#### Task
Repeat exactly the lines below, from the line containing "Chute avec dénivellation" through the last line, both included. Leave out any pictures.

#### Data extract
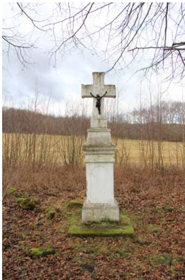
Obr. 11. Kříž u výjezdu na Mnichov [6]. Foto: Martin Zubík, 2016.

V roce 2012 se celý objekt nacházel v žalostném stavu, jednotlivé části podstavce byly rozkutané po okolí a kříž ztracený. Členové místního občanského sdružení „Přátelé Čermné“ vlastními silami a s finanční podporou grantů (např. dotačního programu Energie pomáhá společnosti CENTROPOL ENERGY, která poskytla 20 000,- Kč) 53 docílili toho, že 22. října 2012 se skvěl obnovený pomník na svém místě. Bohužel, zřejmě z důvodu finančního limitu, neakceptovali iniciátoři akce připomínku Národního památkového ústavu, aby osadili na vrchol podstavce některý replikovaný litinový kříž, nýbrž použili jednoduchý latinský kříž z oceli, který je ubohou, spíše jen symbolickou nežli estetickou náhradou a celkový dojem poněkud kazí. Rovněž nápisová složka pomníku byla upozaděna. 54
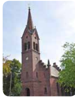
Vor der Kirche in Elsnig stand die nun zerstörte Lutherfigur.

aufgestellt. Immerhin liegt die Elsnigker Kirche am Lutherweg und wir wollten mit der Figur darauf aufmerksam machen.“ Nun sei man sehr enttäuscht, dass die aus Sperrholz gefertigte Figur mit roher Gewalt zerstört wurde. „Eine Reparatur ist möglich, aber der Aufwand genauso groß, als würde man sie neu anfertigen.“ Geschaffen wurde die Luther-Figur vom Köthener Kunstmaler Steffen Rogge. Der reine Materialwert, der von der Polizei als Verlust angegeben wurde, beläuft sich auf nicht einmal 50 Euro. Insofern ist Rogge auch unschlüssig, ob man die Figur reparieren sollte oder nicht.
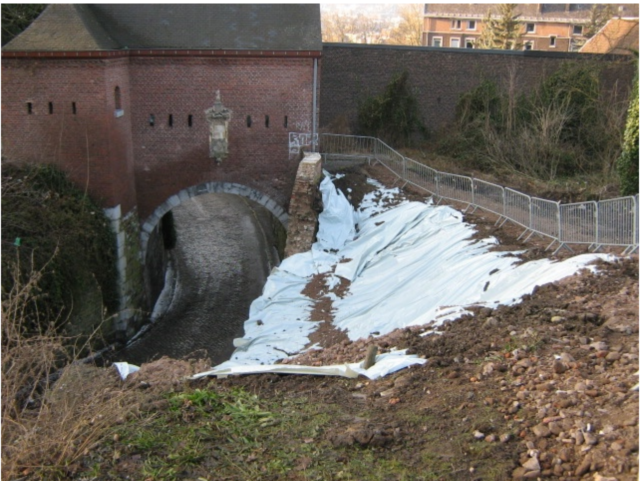
Etat du chemin d'accès après l'intervention de la Ville de Liège, 2009
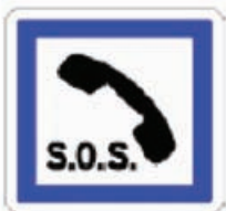
Telefon pentru apeluri de urgență

Nișele de serviciu sunt semnalizate cu ajutorul indicatoarelor de informare, care sunt indicatoare F, în conformitate cu Convenția de la Viena, și indică echipamentele disponibile pentru utilizatorii drumurilor, cum ar fi:
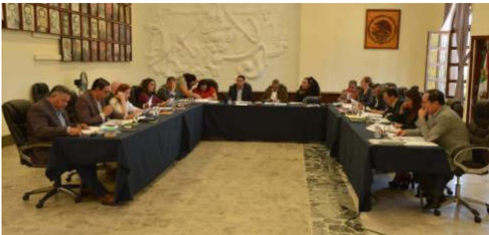
27 DE FEBRERO DE 2019 SESIONES ORDINARIA 04 Y EXTRAORDINARIA 11
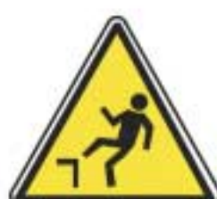
Chute avec dénivellation
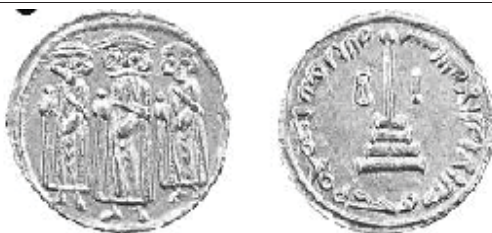
شکل (۲ - ب): دینار اسلامی متأثر از بیزانس

قسمت روی سکه: فقط صلیب روی عصاها به اشکال کروی تغییر داده شد. قسمت پشت سکه: صلیب «T» شکل موجود در مرکز دینار، به کره تغییر داده شد. در اینجا عبارت دعایی یونانی حذف و به جای آن دور تا دور سکه عبارت «بِسْمِ اللَّهِ لَا إِلَهَ إِلَّا اللَّهُ وَحْدَهُ مُحَمَّدٌ رَسُولُ اللَّهِ» نوشته شد. (تغییرات موجود در این سکه بخش دوم مرحله اول تغییر سکه در عهد عبدالملک بن مروان محسوب می‌گردد)
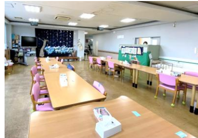
デイサービスフロア
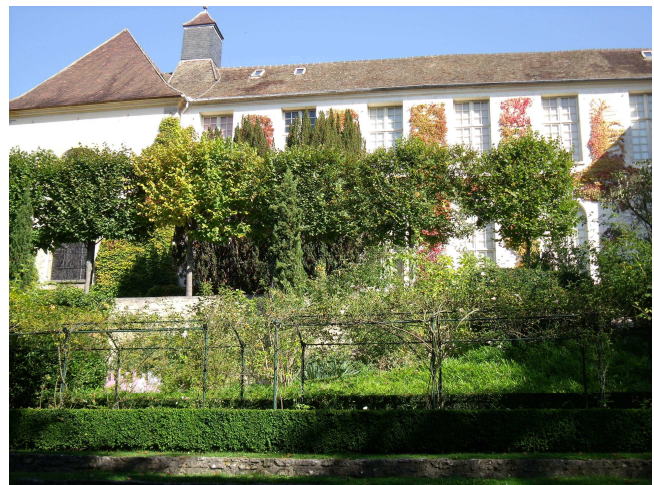
Le musée Maurice Denis
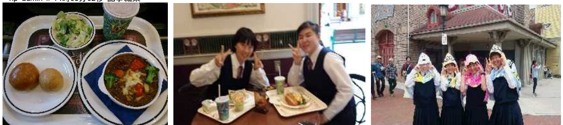
ランチはこんな感じです

#### Solution to this task
Chute avec dénivellation
شکل (۲ - ب): دینار اسلامی متأثر از بیزانس

قسمت روی سکه: فقط صلیب روی عصاها به اشکال کروی تغییر داده شد. قسمت پشت سکه: صلیب «T» شکل موجود در مرکز دینار، به کره تغییر داده شد. در اینجا عبارت دعایی یونانی حذف و به جای آن دور تا دور سکه عبارت «بِسْمِ اللَّهِ لَا إِلَهَ إِلَّا اللَّهُ وَحْدَهُ مُحَمَّدٌ رَسُولُ اللَّهِ» نوشته شد. (تغییرات موجود در این سکه بخش دوم مرحله اول تغییر سکه در عهد عبدالملک بن مروان محسوب می‌گردد)
デイサービスフロア
Le musée Maurice Denis
ランチはこんな感じです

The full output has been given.